Wilderness: noun. an uncultivated, uninhabited, and inhospitable region. Synonyms: wilds, wastes, no-man’s-land.

As I said before, where it was is irrelevant, just that you know that it wasn’t conducive to life, not by sheer virtue to the environment itself but what the endless empty bottles and cans that littered the floor represented: a life not lived but numbed.

Methodically wandering, that’s what I call it, in which we wander purposefully in a direction to look for clues. We hop, we stoop, we straddle, and we stomp our way through the maze of vegetation until we find what we are looking for.

I absentmindedly slap the mosquito that’s on my neck, wondering why the hell are they out this time of year. There’s no breeze today, which I’m reminded of as a runnel of sweat drips down my back; all unusual this time of year, but not as unusual at staring at a dead body.

A very faint breeze kicked up the smell around us… that distinguished smell of rot… a familiar foe. I tell the people who’ve never smelt it before that it smells like fertilizer mixed with a tinge of stale alcohol. It’s all those volatile organic compounds off-gassing. The funny thing is years ago I used to not be able to smell it, but one nose surgery later I can’t escape the smell just like I can’t escape the surging thoughts of my own mortality.
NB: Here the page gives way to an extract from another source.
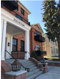
The Willson Residences, the premier downtown address!
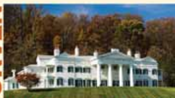
Park Governor's Mansion

We all stare at the scene before us, profound and curious, with a twinge of humility and surprise. No two dead bodies are ever alike it seems, and that’s made apparent as we all collectively soak up the scene.

I can’t help but observe how animalistic it appears, similar to the many deceased animals you’ve stumbled across in your adventure days (some of my colleagues and I joked that I’m grim reaper as everywhere I go I seem to find bones from boars, deer, turtles, dogs, sheep, you name it… I just happen to spot them throughout all my adventures). You tell yourself that of course, to separate the fact that what you’re seeing was once a person. One someone’s baby. They once had hopes and dreams. They had a personality. They had friends and family. I’m sure they felt love at some point, the same feeling you all have felt before, and just like that we’re all connected.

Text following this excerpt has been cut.